Quarterly dividend to increase by 50% to $0.375 per share, more than triple the dividend initially announced in January 2021

Newly signed post-panamax forward charters add EBITDA over five years

LONDON, Nov. 22, 2021 (GLOBE NEWSWIRE) — Global Ship Lease, Inc. (NYSE:GSL) (the “Company”) today announced that it has agreed new five-year time charters for the Eco 9,115 TEU Al Khor and Maira XL with a leading liner operator, to commence mid-2022 at the conclusion of their current charters. The vessels, which are currently earning $31,650 and $34,000 per day, respectively, are expected to generate aggregate Adjusted EBITDA of approximately $206 million over the five-year firm period.
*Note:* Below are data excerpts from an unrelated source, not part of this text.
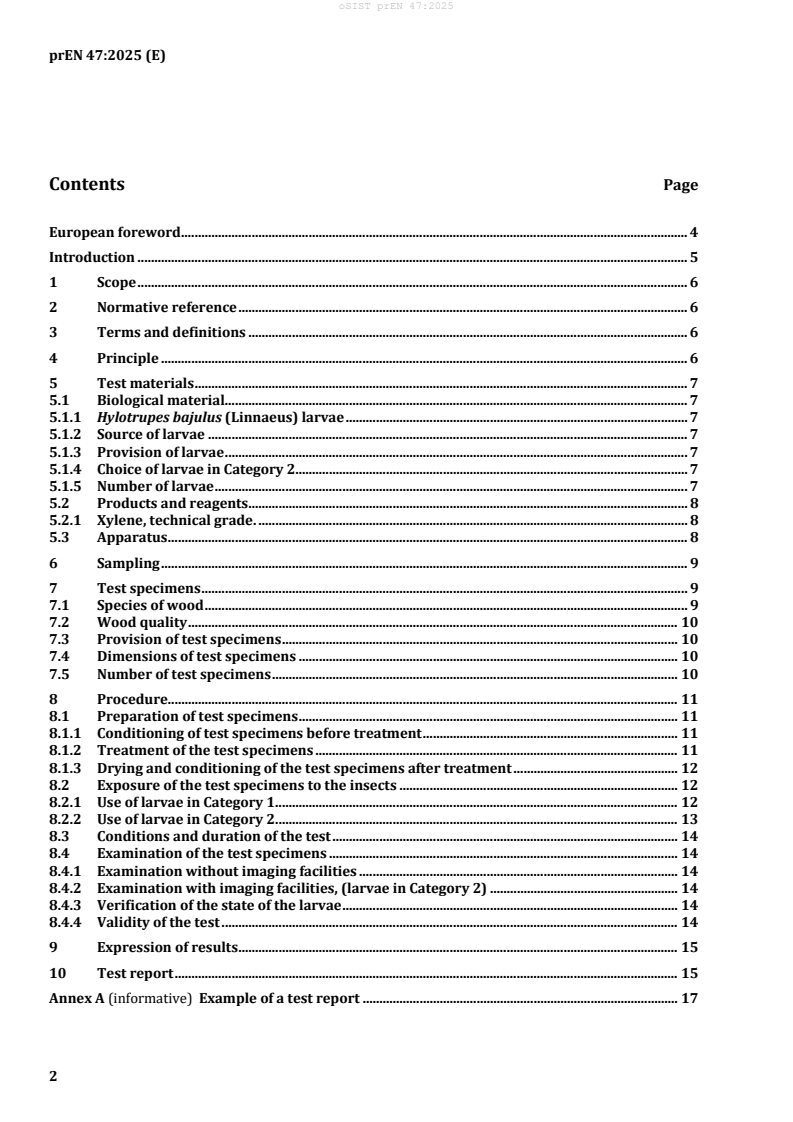 prEN 47 (CEN draft, 2025) is a laboratory standard for assessing the effectiveness of wood preservatives against the larvae of the house longhorn beetle, Hylotrupes bajulus (Linnaeus). The method determines the toxic values (concentration at which larvae do not survive) for preservatives introduced by full impregnation into a susceptible wood species. prEN 47 updates and will supersede EN 47:2016, aligning environmental conditions with related insect test standards and broadening non‑destructive imaging options.
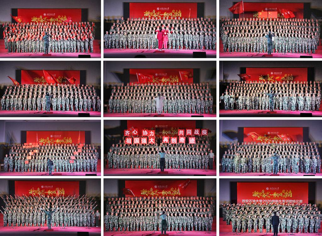比赛在校歌《辉煌明天》慷慨激昂的歌声中拉开帷幕,Beat3652020级新生通过雄浑有力的歌声表达了对母校的热爱。歌曲《踏着铁人脚步走》唱出了中国人民不怕吃苦、敢于奋进的气魄;铿锵有力的《我为祖国献石油》将石油工人气壮山河的豪迈气质表现得淋漓尽致,激励着同学们发奋图强、不忘初心,共创美好明天;歌曲《在灿烂的阳光下》演绎了改革开放以来的发展历程,告诉我们当今幸福生活的来之不易;《再一次出发》唱出了我们伟大的复兴梦想;热情饱满的《祖国不会忘记》充分展现了无私奉献、勇敢拼搏的爱国情;热血沸腾的《我们走在大路上》意气风发、斗志昂扬;雄赳赳、气昂昂的《保卫黄河》演绎了中国人民不畏豪强、自强不息的伟大民族精神。由军训旅所有教官带来的《强军战歌》,充分体现了中国军人的优良作风和爱国情怀。最后,大学生艺术团带来了精彩的舞蹈表演《荷风盛世》,全场师生共唱歌曲《红旗飘飘》,舞出了新时代社会和谐安康的盛世场景,唱出了我们新一代年轻人的朝气蓬勃、自强不息与家国情怀!
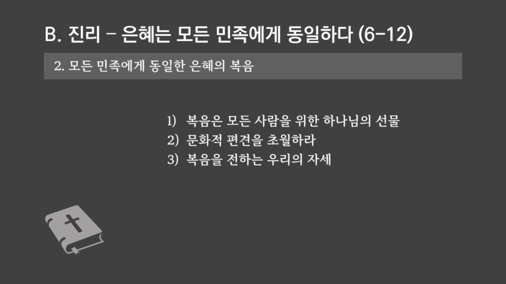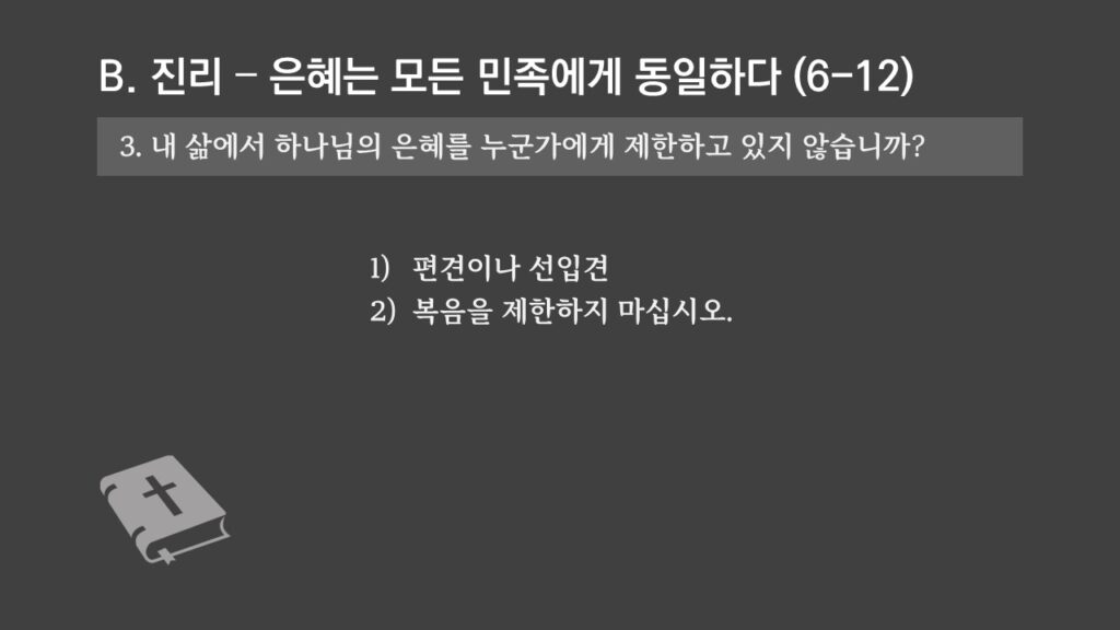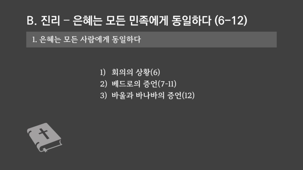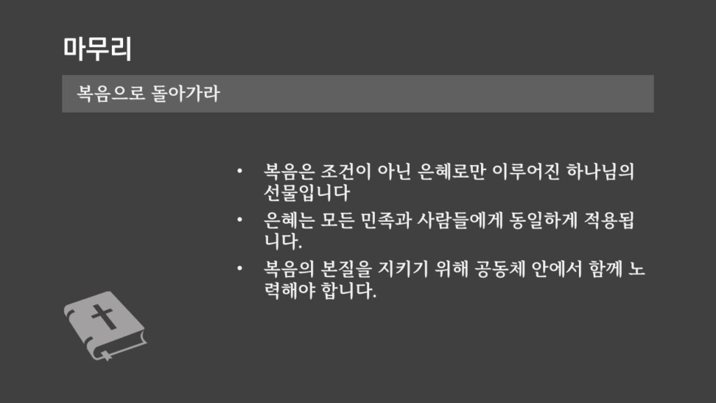 주일설교복음은 은혜입니다 제목 : 복음은 은혜입니다. 성경 : 사도행전 15:1-21 설교 : 박상도 목사 https://sheffieldkoreanchurch.org/wps/wp-content/uploads/2025/01/250119_sermon.mp3 PrevPrevious모든 민족을 구원하시는 하나님 Next순적함도, 어긋남도 하나님의 섭리Next연관설교 두려워하지 말고, 말하며 침묵하지 말라 16/03/2025 하나님께서 예비하신 동역자와 복음의 열매 09/03/2025 알지 못하던 하나님을 전하라 02/03/2025 말씀을 전할 때, 반응은 다를 수 있다 23/02/2025 고난 속에서도 찬양할 때, 하나님의 역사가 일어난다 16/02/2025
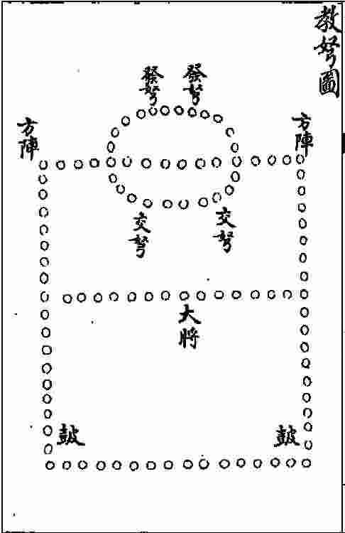 。左校以青龙旗表之,右校以白虎旗表之,中校轩辕大将所处。左鼓右旗,四阵普同。谓之一队者,三十五人。一部者,二十队也。每一校不常其部,各列阵数应敌之势,贵战斗之际前后不相交乱也。飞鹗阵,前校出首骑者,所以为重也。前出一部为觜,次四部为面,余五部包之于首。左右校出骑兵者,内以副身,外以副项及首也。夫鹗以搏击为俊,故阵欲觜爪之利焉。重霞阵,卫其不动,即分两穗从旁击焉。敌若惊乱,前校骑兵两穗进击。步士则不可轻进,但在本处受战。若前冲骑退即前校骑兵进,前校骑兵退即前冲骑兵进。夫云霞以开阖进退不常其法,故前校骑兵往来氤氲以象之也。长虹阵及八卦阵,皆有冲实。外以安敌之不意,内以卫大阵也。夫长虹以为名者,取阵形弯前扼敌之势。八卦以名之者,取八面受敌之象也。凡四阵逐步结阵之法,横七队为首,横七队为身,横六队为尾。部兵每一部横七十步,首横七十步,厚十步,身亦如之,尾横六十步,厚十步。身去首二步,前后并同。骑兵每一步横一百四十步,厚六十步八步,首横一百二十步,厚二步,身亦如之,尾横一百二十步。身去首四步亦如之。受战之时,大阵不可辄动,敌众未薄则大敌离。于是三令五申:白旗点,鼓音动,则左右厢齐合;朱旗点,角声动,则左右厢齐离。合与离皆不离中央之地。左厢阳回而旋,右厢阴回而旋,左右各复本位。白旗掉,鼓音动,左右各云蒸鸟散,弥川络野,然而不失部伍之疏密;朱旗掉,角声动,左右各复本位。前后左右,无差尺寸。散则法天,聚则法地。如此则三合三离,三聚三散。不如法者,吏士罪之,务从军令。于是大将出五彩旗十二口,各树于左右厢阵前。每旗用壮勇士五十人,夺旗者胜,失旗者负,胜赏而负罚。离合之势,聚散之形,胜负之理,赏罚之信,因是而教之。
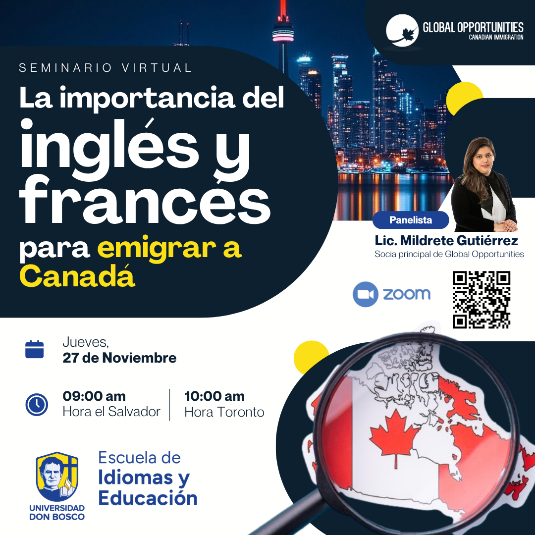 Gracias por tu interés en asistir a nuestro seminario virtual con la Universidad Don Bosco de El Salvador -Centro de idiomas- sobre la importancia del inglés y francés para obtener tu residencia permanente, te invitamos a llenar el formulario para enviarte la información de inscripción.
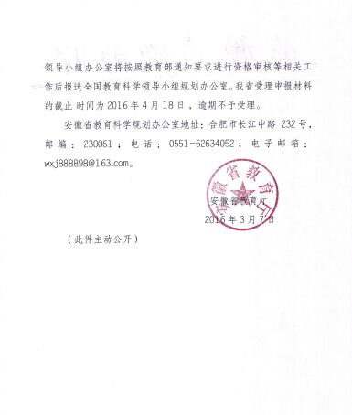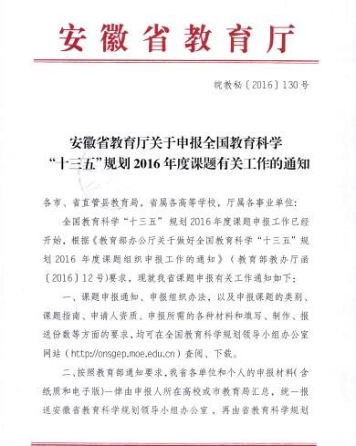 附件:安徽省教育廳關(guān)于申報(bào)全國教育科學(xué)“十三五”規(guī)劃2016年度課題有關(guān)工作的通知
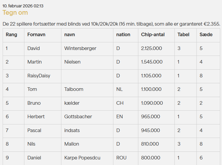 Den danske pro ligger 2er i chips på finaledagen, der spilles i dag tirsdag den 10. februar 2026.
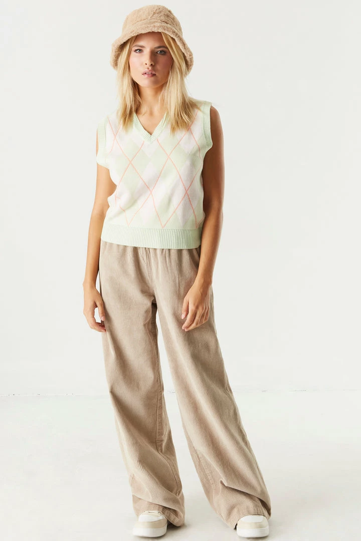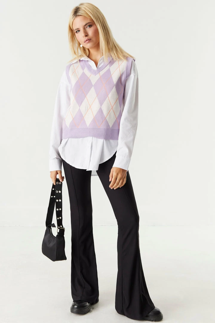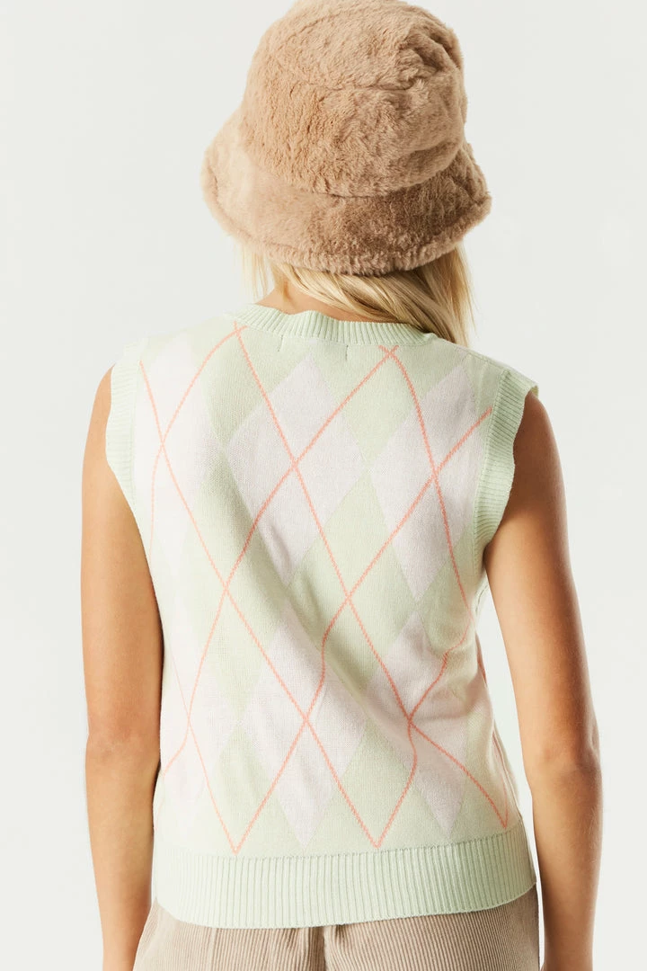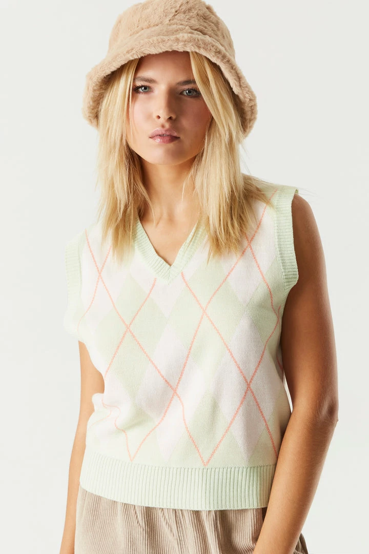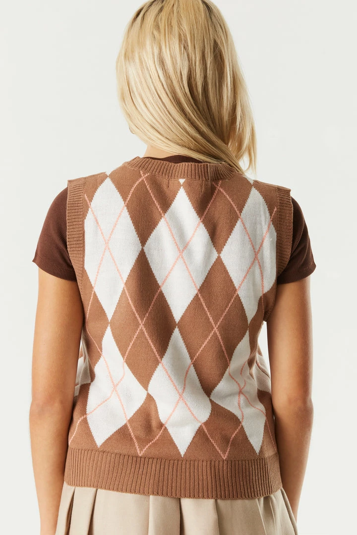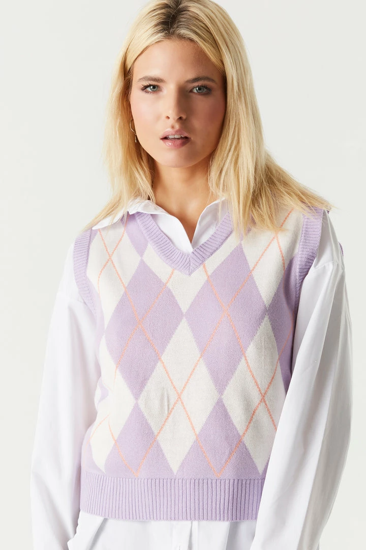 A trendy and preppy knit that’ll become your “vest” kept secret. Perfect for layering with a classic button-up top or a plain tee. This vest features a v-neckline, sleeveless arms, argyle print and knit material. Size Runs Small.
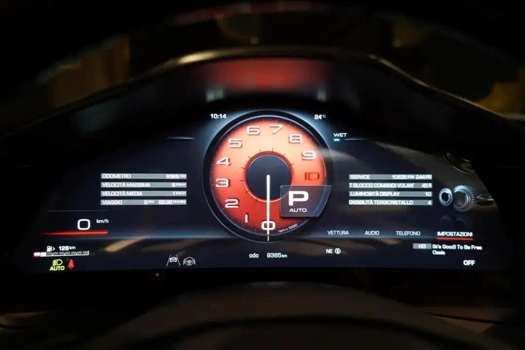 另外,这块仪表屏也用到了最顶级的屏幕,显示效果非常细腻。UI设计也遵循了法拉利的传统,将转速表放置在正中间。
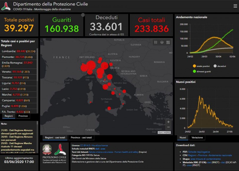 Questi i dati emanati dal Dipartimento Prot. Civile in merito alla situazione dei contagi da Coronavirus in Italia: 39.297 i positivi attuali, 160.938 i guariti, 33.601 i deceduti (in attesa conferma I.S.S.) su un totale di 233.836 casi.
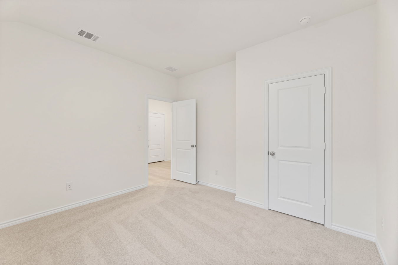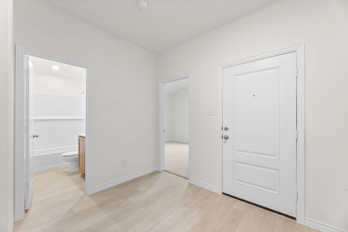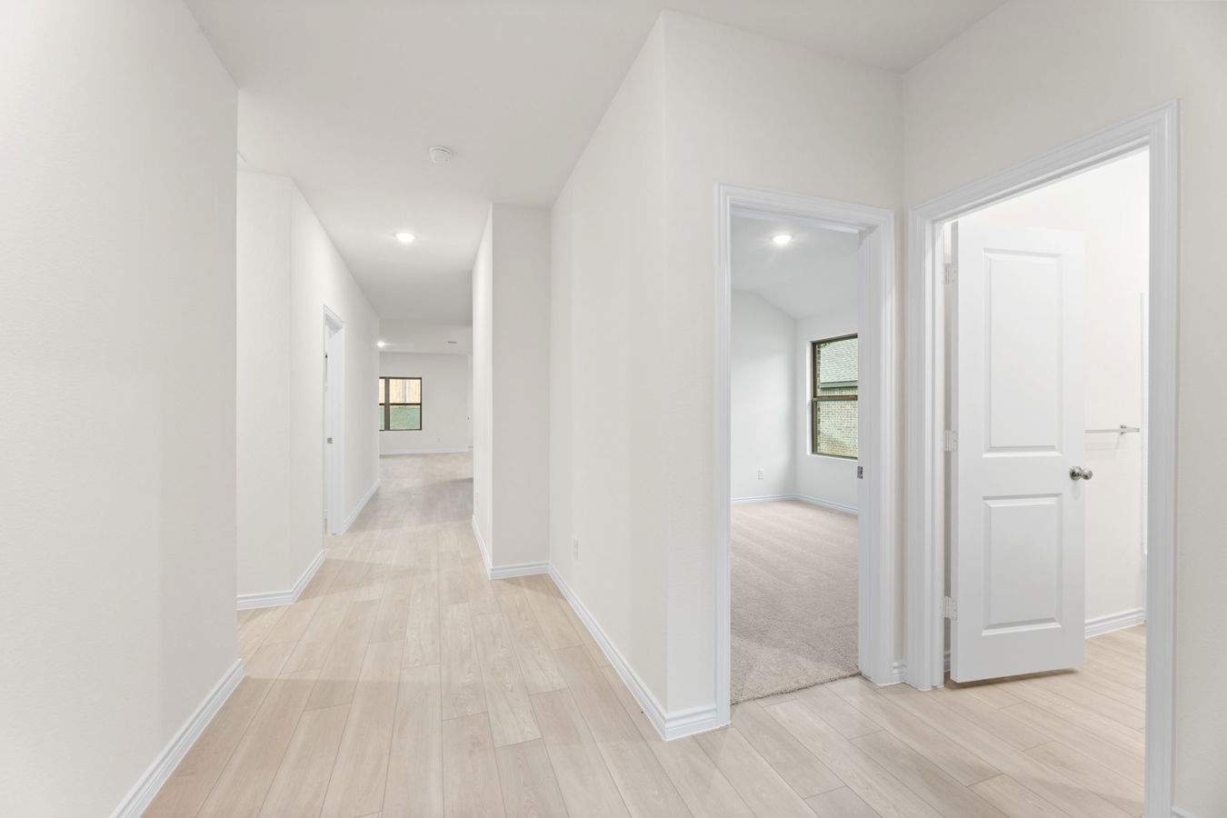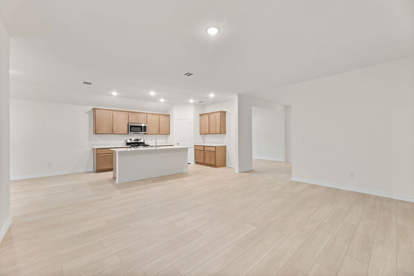 Sight lines extend from the front door to the back windows. The open kitchen offers an island, corner pantry, Dune-stained Shaker-style cabinets, and South Beach quartz countertops.
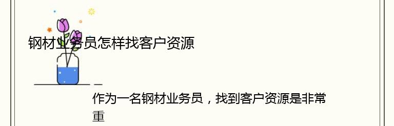 作为一名钢材业务员,找到客户资源是非常重要的。以下是一些方法,可以帮助您找到潜在客户:
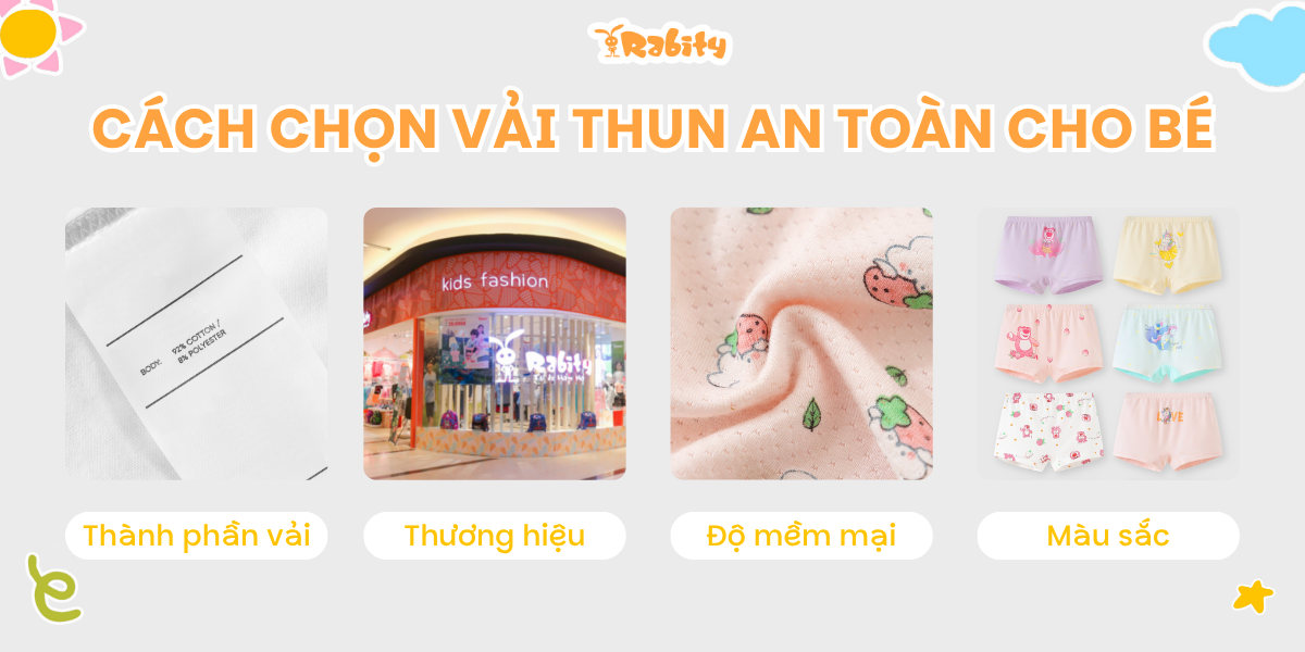 Khi chọn quần áo làm từ vải thun an toàn cho bé, phụ huynh cần lưu ý một số điểm sau:
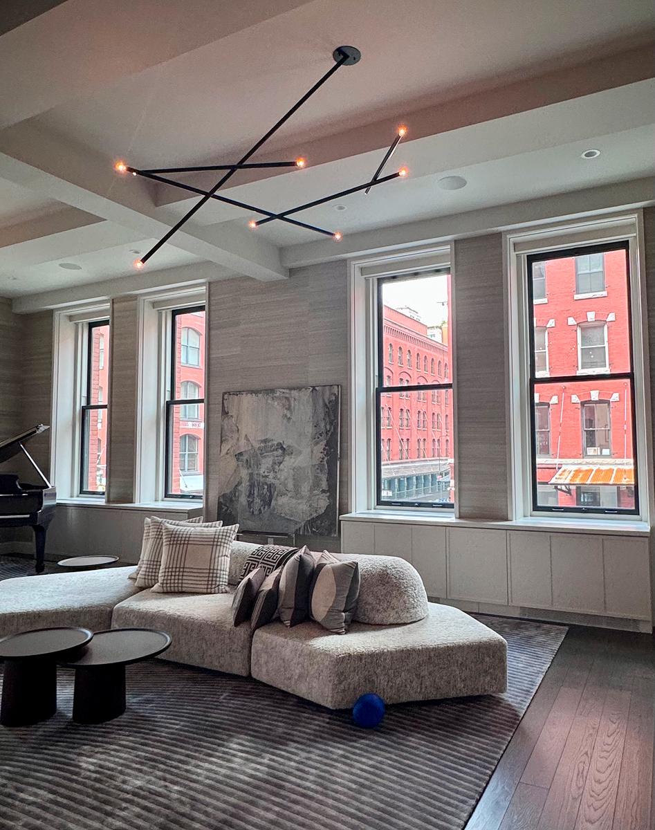 Casting an array of sculpturally illuminated cascading sticks, the 5 Stick Horizontal will fill the void of any space seeking eloquent grounding energy

Adjusted to include these newly signed charters, the Company’s total contracted revenue increases to $1.85 billion.

These new charter agreements, for two of GSL’s most valuable and in-demand vessels, are consistent with the Company’s strategy of capitalizing on the strong charter market to lock-in cashflow over a multi-year period. The agreements materially reduce open days in 2022 which are now at minimal levels, and together with the substantial increase in contracted revenue from other year-to-date charter renewals and from growth, provide additional cashflow visibility. Accordingly, our Board of Directors has announced its intention to increase the quarterly dividend to be paid to common shareholders by 50% to $0.375 per share, with effect from the first quarter of 2022. This increased dividend represents more than triple the amount initially announced in January 2021.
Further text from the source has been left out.